What to work on ▸ Copy down every line of the data that follows exactly. Omit the pictures.

Dataset extract ▸
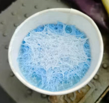 | 加入酸(盐酸、硫酸、醋酸均可) | 最后形成粘块 |
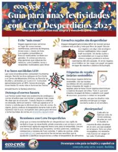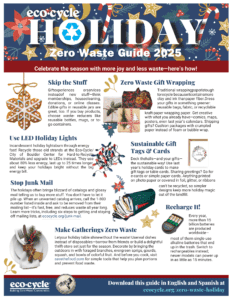 View or download the 2025 Zero Waste Holiday Guide! Eco-Cycle’s green holiday guide will help you enjoy a more meaningful, waste-free holiday season. For Boulder County residents: The Holiday Guide page 2 offers a quick guide to which holiday items are locally recyclable, where to recycle them, and special tree collection and recycling sites.
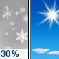 Temperature: 42°F Wind Speed: 0 to 5 mph Wind Direction: W Forecast: A chance of snow showers before 7am. Sunny, with a high near 42. Chance of precipitation is 30%. |

Task output ▸
 | 加入酸(盐酸、硫酸、醋酸均可) | 最后形成粘块 |
 View or download the 2025 Zero Waste Holiday Guide! Eco-Cycle’s green holiday guide will help you enjoy a more meaningful, waste-free holiday season. For Boulder County residents: The Holiday Guide page 2 offers a quick guide to which holiday items are locally recyclable, where to recycle them, and special tree collection and recycling sites.
 Temperature: 42°F Wind Speed: 0 to 5 mph Wind Direction: W Forecast: A chance of snow showers before 7am. Sunny, with a high near 42. Chance of precipitation is 30%. |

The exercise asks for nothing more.